Not if you're smart apparently. The important snippet from the
article.A small cap index fund cannot possibly own all of the thousands of stocks in its benchmark; instead it owns a "representative sample." Further, these stocks are usually thinly traded, with wide bid/ask spreads. In essence what the folks at DFA learned was that they could tell the market makers in these stocks, "Look old chaps, we don't have to own your stock, and unless you let us inside your spread, we'll pitch our tents elsewhere. Further, we're prepared to wait until a motivated seller wishes to unload a large block." In a sense, this gives the fund the luxury of picking and choosing stocks at prices more favorable than generally available. Hence, higher long term returns. It appears that Vanguard did not tumble onto this until a decade later, but tumble they did.

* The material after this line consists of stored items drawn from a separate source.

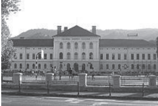
Fig. nr. 3 – Colegiul Național „Andrei Șaguna” din Brașov

Cuvântul academicianului Emil Pop, susținut cu ocazia întrunirii promoției 1915 a Liceului „Andrei Șaguna” din Brașov (Fig. nr. 3), atât de erudit și emoționant [18], merită republicat integral , spre luare la cunoștință a meritelor semnificative ale înaintașilor în domeniul educației și învățământului românesc, de către generațiile următoare.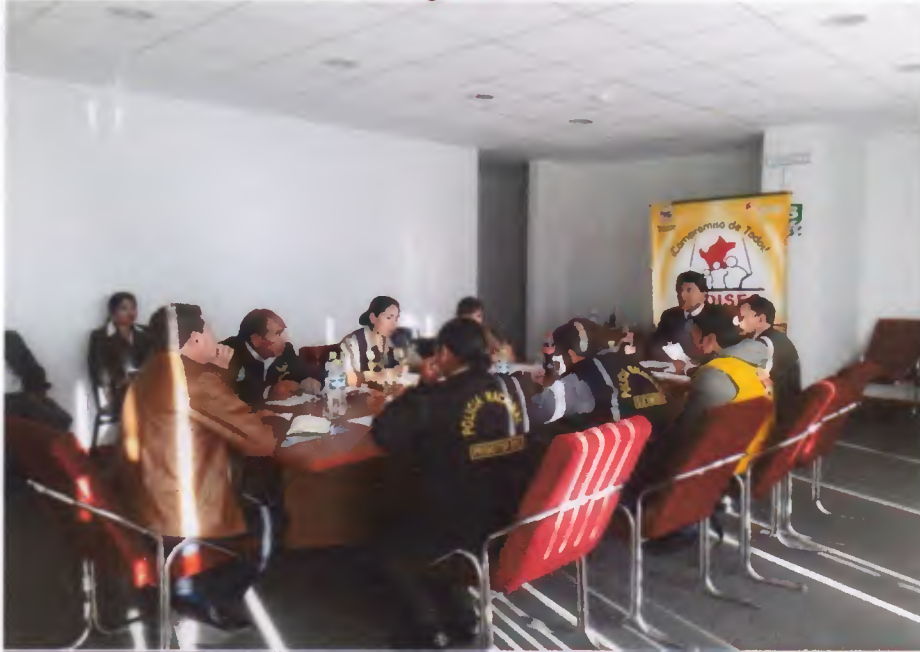
Sexta Sesión Ordinaria del Comité Distrital de Seguridad Ciudadana de Socabaya 2017, realizada el día Miércoles 28 de Junio del 2017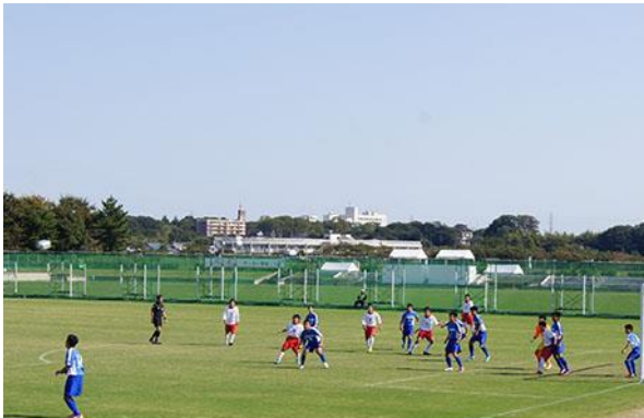
沖縄県と北海道の南北の対決

To complete the picture, this strategy works best in the thinnest markets, so the excess returns are greatest in the smallest stocks, which is why the positive TE is greatest for the DFA 9-10 Fund, less in the Vanguard Small Cap Fund, less still in the Vanguard Index Extended Fund, and minuscule with the S&P500.

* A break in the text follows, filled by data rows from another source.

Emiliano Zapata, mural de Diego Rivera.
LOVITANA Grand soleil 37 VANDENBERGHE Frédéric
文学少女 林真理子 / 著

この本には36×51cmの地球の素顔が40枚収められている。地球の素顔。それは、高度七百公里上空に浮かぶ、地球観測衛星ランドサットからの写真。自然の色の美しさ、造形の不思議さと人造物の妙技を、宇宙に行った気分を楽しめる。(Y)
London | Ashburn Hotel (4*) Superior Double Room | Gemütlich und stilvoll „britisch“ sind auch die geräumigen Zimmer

There are some who say the biggest joke in the world of finance is the idea of value added active management. If so, then the punch line seems to be this: If you really want to beat the indexes, then you gotta buy an index fund.

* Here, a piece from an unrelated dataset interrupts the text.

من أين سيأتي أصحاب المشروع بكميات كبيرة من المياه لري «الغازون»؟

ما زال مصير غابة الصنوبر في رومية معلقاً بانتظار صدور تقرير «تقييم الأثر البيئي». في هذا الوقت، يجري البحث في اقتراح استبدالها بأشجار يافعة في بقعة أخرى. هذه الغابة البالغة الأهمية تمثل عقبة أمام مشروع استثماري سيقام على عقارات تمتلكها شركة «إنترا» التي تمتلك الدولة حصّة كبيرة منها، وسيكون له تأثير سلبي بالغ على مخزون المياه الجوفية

That was written in 1998, and his example shows it worked back then. Does it still work today?
Let's start with the instituional plus shares (instituional plus shares have the lowest ER's of the funds that Vanguard offers) of Vanguard's S&P 500 index fund.
Here we see VIIIX slightly outperforms the index. Excellent!
What about instituional shares of Vanguard's Russell 2000 fund?
They lagged the index over the past 10 years.
But over the last 5?
Beat the index. Interesting.
What about Vanguard's instituional shares of their S&P Midcap 400 index fund?
Beat the index again!
Now obviously these funds beat their indices (over at least some time periods) by very slim margins. Nothing really to write home about. But still cool nonetheless.
Unfortunately many people don't have access to insittuitonal (plus) shares. So what about Admiral shares? VFIAX (S&P 500 Admral shares)
Unforutntately, no, VFIAX doesn't beat the index after expenses. But the percent difference in 10 year returns is a mere 0.0783%.
Somebody correct me if I'm wrong, but this means that before expenses this fund beat the index! The math:
- Assume VFIAX had an expense ratio of 0.05% each year over the 10 year period (I dont think this is true, but I couldn't find this data easily for the past ten years. If anything this is an underestimate of expenses, so this is fine for my point).
- If VFIAX had zero tracking error, then it would lag the index by 1-(1-.0005)^10 = 0.499% over a ten year period
- But VFIAX lagged the index by a mere 0.0783%
So sure, nobody's beating the market with VFIAX after expenses, but if Vanguard were able to cut costs even more, it would! Pretty cool huh?